Weeds thrive in depleted soil. In fact you can tell a lot about a soil by the weeds growing there. For example, field horsetail, field mint and creeping buttercup indicate severe soil compaction and excess moisture, while nettles and chickweed indicate that the soil is rich in humus.

Food crop requires constant maintenance and renewal to grow that specific plant. And if they’re not doing crop rotation on that field, requires artificial means, which can be insufficient to address the needs of that crop.

Whereas good soil with a healthy balance will have ‘weeds’ that are very nutritious like nettles and lambsquarter.

Anonymous 0 Comments

Weeds thrive in depleted soil. In fact you can tell a lot about a soil by the weeds growing there. For example, field horsetail, field mint and creeping buttercup indicate severe soil compaction and excess moisture, while nettles and chickweed indicate that the soil is rich in humus.
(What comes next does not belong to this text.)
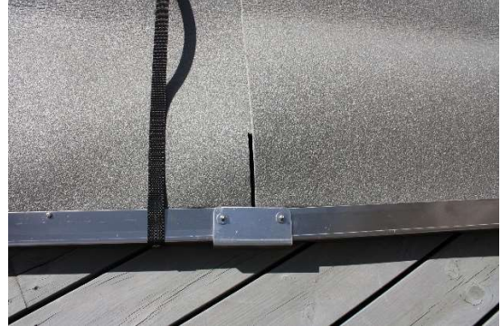
KUVA 2. Pujota lohkojen liepeet seuraavan lohkon solumuovin alle, samalla kun asettelet lohkot toisiinsa kiinni. Kiinnitä alareunan liitoskappaleet.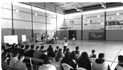
Clínica entrenadores, ¡¡asentándose!!

Food crop requires constant maintenance and renewal to grow that specific plant. And if they’re not doing crop rotation on that field, requires artificial means, which can be insufficient to address the needs of that crop.

Whereas good soil with a healthy balance will have ‘weeds’ that are very nutritious like nettles and lambsquarter.

Anonymous 0 Comments

As stated elsewhere, ‘weed’ and ‘crop’ are artificial labels. They’re all just plants. But typically what we call a weed is a plant that we don’t want that shows up a lot – that is, it grows quickly and easily. So, it’s sorta self-selecting, isn’t it? You’re asking why weeds grow anywhere so easily but we define ‘weeds’ as plants that grow anywhere easily and are unwanted.

Anonymous 0 Comments

Natural selection and adaptation.

Ruderal plants – “wild” weeds that grow first in a given location- have adapted to grow quickly and spread seed with few inputs other than the weather and sunlight.

Crops selected by manual cross breeding to produce specific plants (food crops) have to be seeded or cloned to reproduce and thus require significant inputs to grow and mature/fruit.

The trade off is desirable characteristics of plants- flavor, yield, heartiness, pest resistance, time to maturity etc. compared to “wild” crops.

Producing food crops require regular care, but is not difficult especially when done on a large scale.

Anonymous 0 Comments

A weed is just a plant growing where you don’t want it.

When you prepare a field you create an ecological vacuum with ideal growing conditions. You want a plant bred for its usefulness to humans to grow unimpeded and without competition. That’s the work you put in: clearing out everything else so that only the desired plants will be present.

You’ve also created an ideal space for everything else to grow, and plants that can get their seeds in there most easily will do so. That’s just what they do, and is the reason why clear fertile spaces devoid of competition are rare and short-lived in nature. To be clear, crop plants will do this as well if they can (they are bred for other things do are less competitive in this regard). I’ve seen wheat and corn growing on the edges of fields long after that crop was grown there deliberately. Were it virulent enough the farmer would have to put effort into fighting back prior crops too. That would be good reason not to breed such traits into them, but this would probably not be an issue anyway.

Vast monocultures see whole fields of a single species with the same nutrient requirements. This drains such nutrients from the soil and inhibits future growth, so you are unlikely to see last year’s weed crops out competing this year’s crops. The traditional solution is crop rotation: to plant different crops in a given plot each year, that rely on different nutrients and in some cases put them back. Such rotation usually includes a fallow year, where a field is left unsown and nature is allowed to reclaim it (or fallow seeding occurs in which non-crop plants are sown). This restores the soil for the next crop.

Anonymous 0 Comments

You’ve got the cart before the horse here. We call them weeds BECAUSE they grow everywhere and spread easily.